In its native range, the western conifer seed bug feeds on the sap of developing conifer cones throughout its life, and its sap-sucking causes the developing seeds to wither and misdevelop. It is therefore considered a minor tree pest in North America, but becoming sometimes more harmful e.g. in conifer plantations. However, it is not monophagous and even adaptable enough to feed on angiosperms if it has to, though it seems to prefer resiniferous plants that are rich in terpenes. As these are produced by plants to deter herbivores, it might be that in evolving its ability to overcome these defenses, L. occidentalis actually became somewhat dependent on such compounds.

Its host plants in the native range include conifers such as Douglas-fir (Pseudotsuga menziesii), ponderosa pine (Pinus ponderosa), lodgepole pine (Pinus contorta), and white spruce (Picea glauca). Outside the native range, it is found on species such as eastern white pine (P. strobus) and red pine (P. resinosa) in eastern North America and Europe, and mountain pine (P. mugo), black pine (P. nigra), Scots pine (P. sylvestris) and pistachio (Pistacia vera) in Europe.

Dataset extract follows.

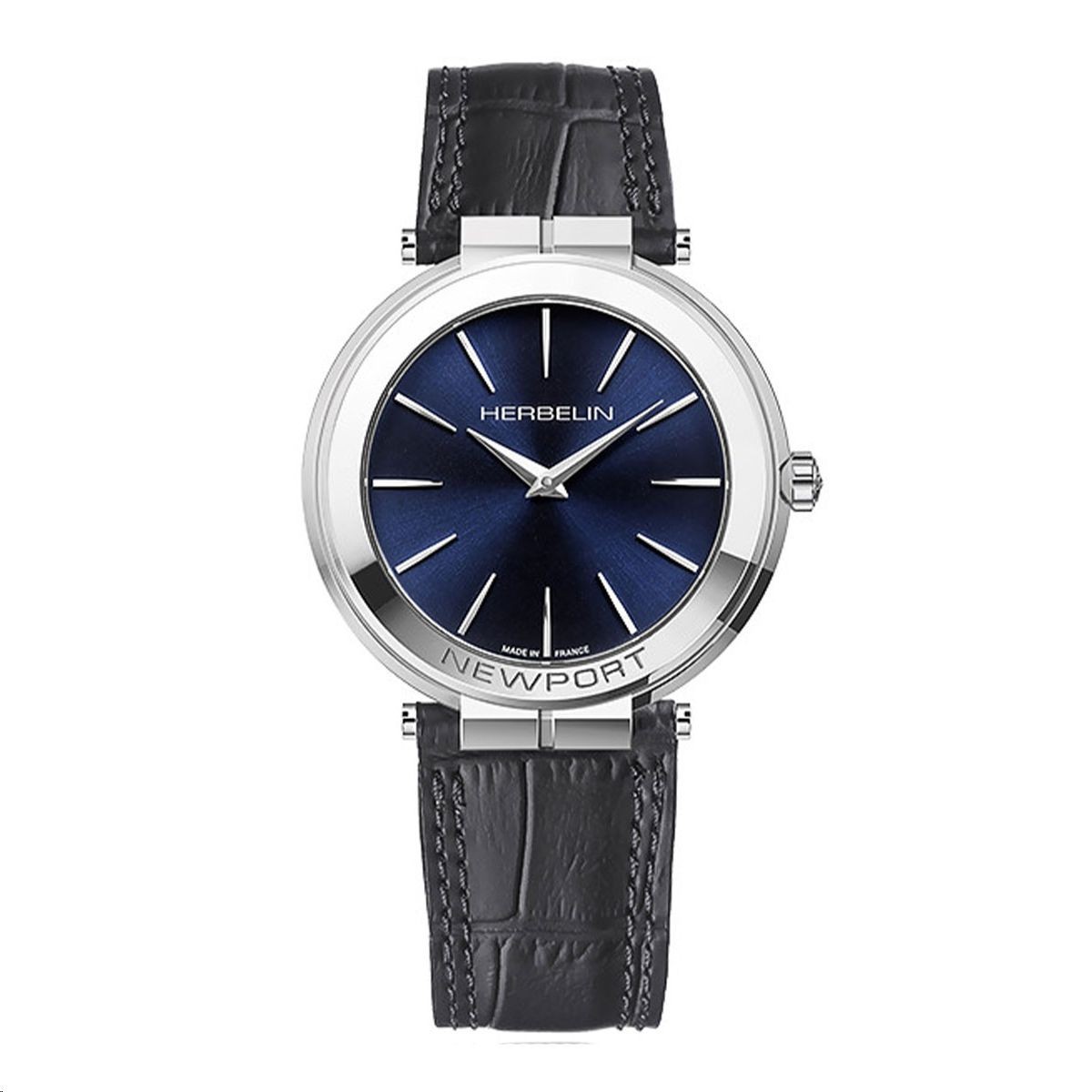 Emblématique de la maison Française, Newport arrive métamorphosée et arbore une silhouette fine et épurée. D'une épaisseur de seulement 5,85 mm c'est une première pour la Newport. Le boîtier en acier inoxydable de 40 mm de diamètre reste fidèle aux codes historiques par ses attaches centrales et sa couronne gravée d'une roue marine. Découpé en trois facettes minutieusement ciselées, sa finition polie sculpte la lumière. Ponctuée d'un cadran bleu marqué d'index argentés, cette montre est habillée d'un bracelet en cuir façon alligator. Newport Slim a été dessinée, conçue et assemblée dans les ateliers Herbelin en France.

The eggs are laid in small groups on the needles or leaf stems of its host plants, and hatch in spring. The nymphs go through 5 instar stages before moulting into adults. In the United States, the species is univoltine, but in southern Europe, it completes two generations a year, and in tropical Mexico even three. In the northern parts of its range, these bugs start to move about widely by September or so to seek crevices for overwintering; they may become a nuisance in areas with extensive conifer woods, as they will sometimes enter houses in considerable numbers. They have the potential to become structural pests, as it has been found that they will sometimes pierce PEX tubing with their mouthparts, resulting in leakage.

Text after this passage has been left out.